When importing from tables with change tracking enabled, the system automatically imports subsequent changes from Databricks as often as every 15 minutes to keep your data current.

Connection architecture

Bloomreach connects to your Databricks SQL Warehouse using the native Databricks SQL connector over HTTPS. This isn't a JDBC, ODBC, or Kafka connection. Here's what the connection uses:

  • Transport: HTTPS (TLS-encrypted) to your Databricks SQL Warehouse endpoint.
  • Authentication: OAuth machine-to-machine (M2M) via a Databricks service principal (Client ID and Client Secret).
  • Addressing: Server hostname and HTTP path identify your SQL Warehouse; optional catalog and schema scope which data is accessible.

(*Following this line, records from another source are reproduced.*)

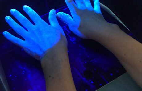 Com o intuito de alertar para a importância da higiene das mãos, os colaboradores do hospital e os utentes, realizaram a avaliação da técnica de higiene das mãos com recurso a máquina de luz negra e a pintura de uma tela com as mãos dos profissionais de saúde.
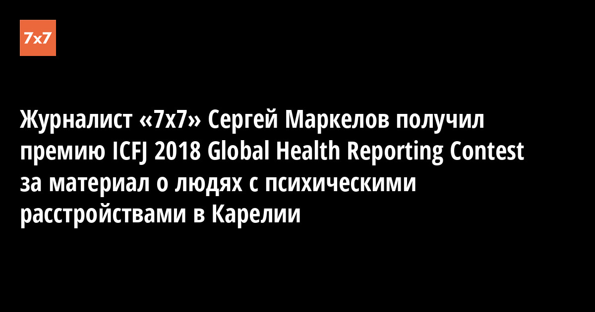 Корреспондент интернет-журнала «7x7» в Карелии Сергей Маркелов стал лауреатом премии ICFJ 2018 Global Health Reporting Contest в области медицинской журналистики за материал «Наедине с одиночеством. Истории людей с психическими расстройствами в Карелии». Об этом он написал в блоге на «7x7» 23 ноября.
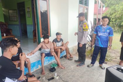 Polres lamandau – Bhabinkamtibmas Bripda Garin Andrean Dewantara Polsek Sematu Jaya, Menyambangi Piket jaga sat kamling Desa Nanuah, Kec. Menthobi Raya, Kab. Lamandau, Prov. Kalteng yang sedang ...
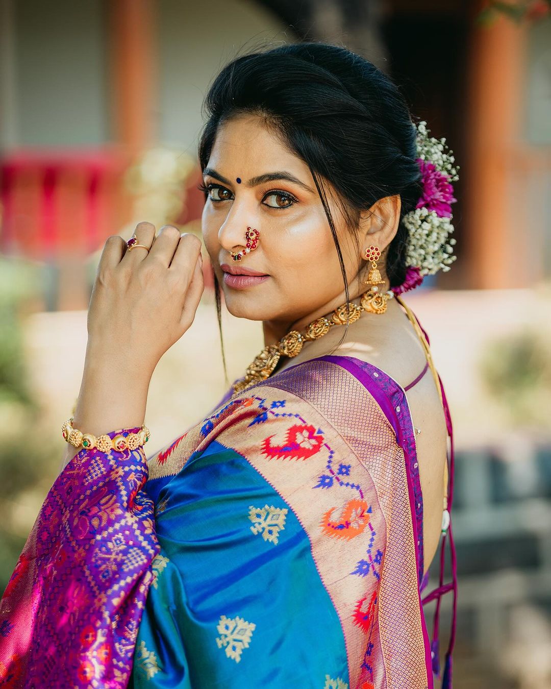 मोरपंखी साडीत अभिनेत्रीचं सौंदर्य खुललं

No middleware, Reverse ETL tooling, or third-party connectors are required.

Security

  • Transport encryption: All communication between Bloomreach and your Databricks SQL Warehouse uses TLS-encrypted HTTPS. No data is transmitted in plaintext.
  • Authentication and credential storage: The integration authenticates using a Databricks service principal (Client ID and Client Secret) via OAuth M2M. Credentials are stored encrypted at rest within Bloomreach's infrastructure.
  • Access control: Bloomreach only accesses data that the service principal is authorized to read. Your Databricks Unity Catalog governance and table-level ACLs remain authoritative. We recommend creating a dedicated service principal with read-only access to the specific catalog, schema, and tables needed.
  • Network controls: Bloomreach import workers connect from dynamic IP addresses. If your Databricks workspace restricts inbound connections by IP, contact your Customer Success Manager to discuss options.

Prerequisites

Access requirements

Before you set up the integration, make sure you have:

  • A Databricks service principal (Client ID and Client Secret) with access to the relevant catalog, schema, and tables. You may need account admin privileges to create the service principal.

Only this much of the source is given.